EXTRACTS OF COPRINUS COMATUS AND THEIR USE FOR REGULATING THE PILOSEBACEOUS UNIT IN A HUMAN

Abstract

Suggested is an extract of Coprinus comatus obtained or obtainable according to the following protocol: (a) providing a source of dry biomass of Coprinus comatus; (b) extracting said source of biomass with water, C.sub.1-C.sub.4 aliphatic alcohols or mixtures thereof; (c) separating the extract thus obtained from the remaining cell material; and optionally (d) repeating steps (b) and (c) once or twice, which is particularly useful for regulating the pilosebaceous unit of a human.

Claims

1-18. (canceled)

19. A method for obtaining an extract of Coprinus comatus, comprising the steps of: (a) providing a source of dry biomass of Coprinus comatus; (b) extracting said source of biomass with water, C.sub.1-C.sub.4 aliphatic alcohols or mixtures thereof; (c) separating the extract thus obtained from the remaining cell material; and optionally (d) repeating steps (b) and (c) once or twice.

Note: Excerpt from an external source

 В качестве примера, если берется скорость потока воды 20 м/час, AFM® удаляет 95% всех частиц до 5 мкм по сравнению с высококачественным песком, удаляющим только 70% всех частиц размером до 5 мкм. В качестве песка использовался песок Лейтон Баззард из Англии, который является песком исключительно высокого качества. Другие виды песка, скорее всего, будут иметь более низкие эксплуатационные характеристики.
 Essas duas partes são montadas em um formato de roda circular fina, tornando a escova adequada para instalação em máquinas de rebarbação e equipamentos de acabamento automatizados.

20. The method according to claim 19, comprising the additional step of using the extract of Coprinus comatus for regulating the pilosebaceous unit of a human in need thereof.

21. The method according to claim 19, comprising the additional step of using the extract of Coprinus comatus for (a) stimulating hair growth, (b) modulating hair cycle, (c) preventing hair loss, and/or (d) down-regulating sebogenesis by sebaceous glands, in a human in need thereof.

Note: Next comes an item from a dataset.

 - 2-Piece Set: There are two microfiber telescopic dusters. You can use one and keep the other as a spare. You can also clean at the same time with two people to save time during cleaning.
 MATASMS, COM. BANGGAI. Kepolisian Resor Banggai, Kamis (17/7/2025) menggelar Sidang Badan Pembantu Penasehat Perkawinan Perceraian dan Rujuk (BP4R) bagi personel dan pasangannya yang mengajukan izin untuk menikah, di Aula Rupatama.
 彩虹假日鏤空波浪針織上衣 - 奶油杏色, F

22. The method according to claim 19, comprising the additional step of using the extract of Coprinus comatus for treating or preventing greasy hair or oily skin in a human in need thereof.

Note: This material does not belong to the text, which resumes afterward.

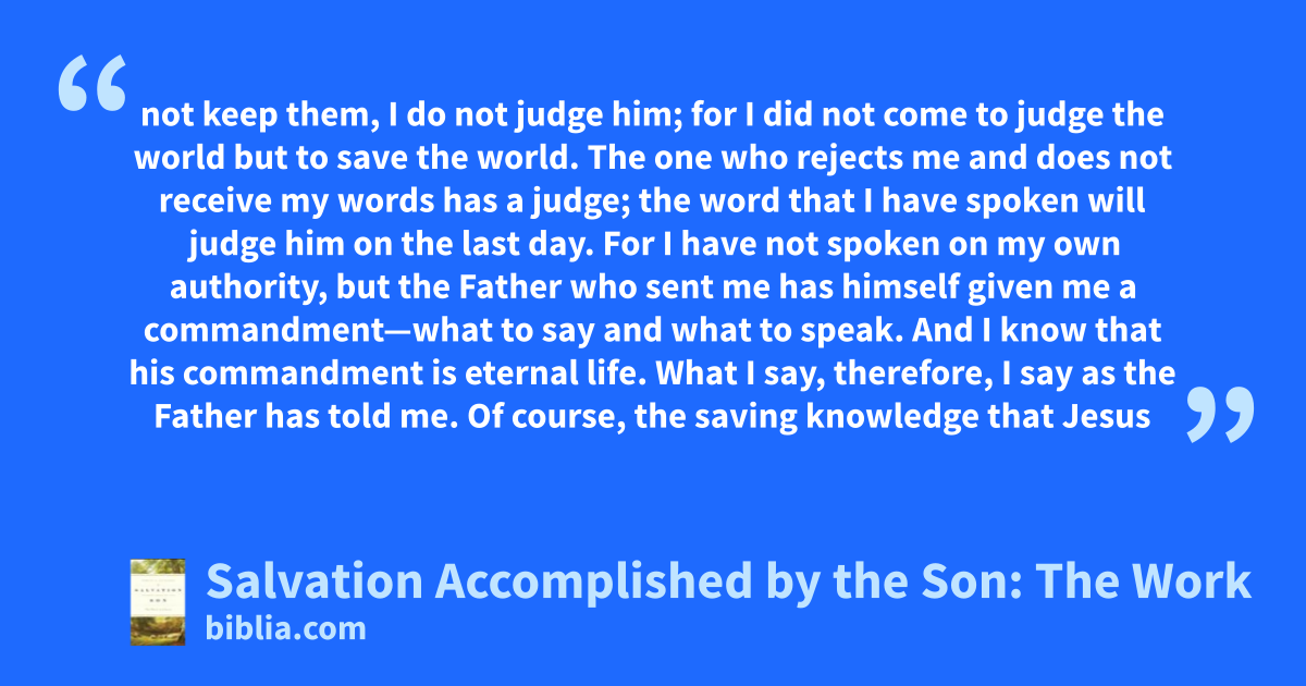 not keep them, I do not judge him; for I did not come to judge the world but to save the world. The one who rejects me and does not receive my words has a judge; the word that I have spoken will judge him on the last day. For I have not spoken on my own authority, but the Father who sent me has himself given me a commandment—what to say and what to speak. And I know that his commandment is eternal life. What I say, therefore, I say as the Father has told me. Of course, the saving knowledge that Jesus

23. A method for regulating the pilosebaceous unit in a human in need thereof, comprising the steps of: (i) providing the extract of Coprinus comatus obtained according to claim 19, and (ii) applying said extract either topically to human skin or scalp, or (iii) applying said extract by oral administration.

24. A method for (a) stimulating hair growth, (b) modulating hair cycle, (c) preventing hair loss, and/or (d) down-regulating sebogenesis by sebaceous glands, in a human in need thereof, comprising the steps of: (i) providing the extract of Coprinus comatus obtained according to claim 19, and (ii) applying said extract either topically to human skin or scalp, or (iii) applying said extract by oral administration.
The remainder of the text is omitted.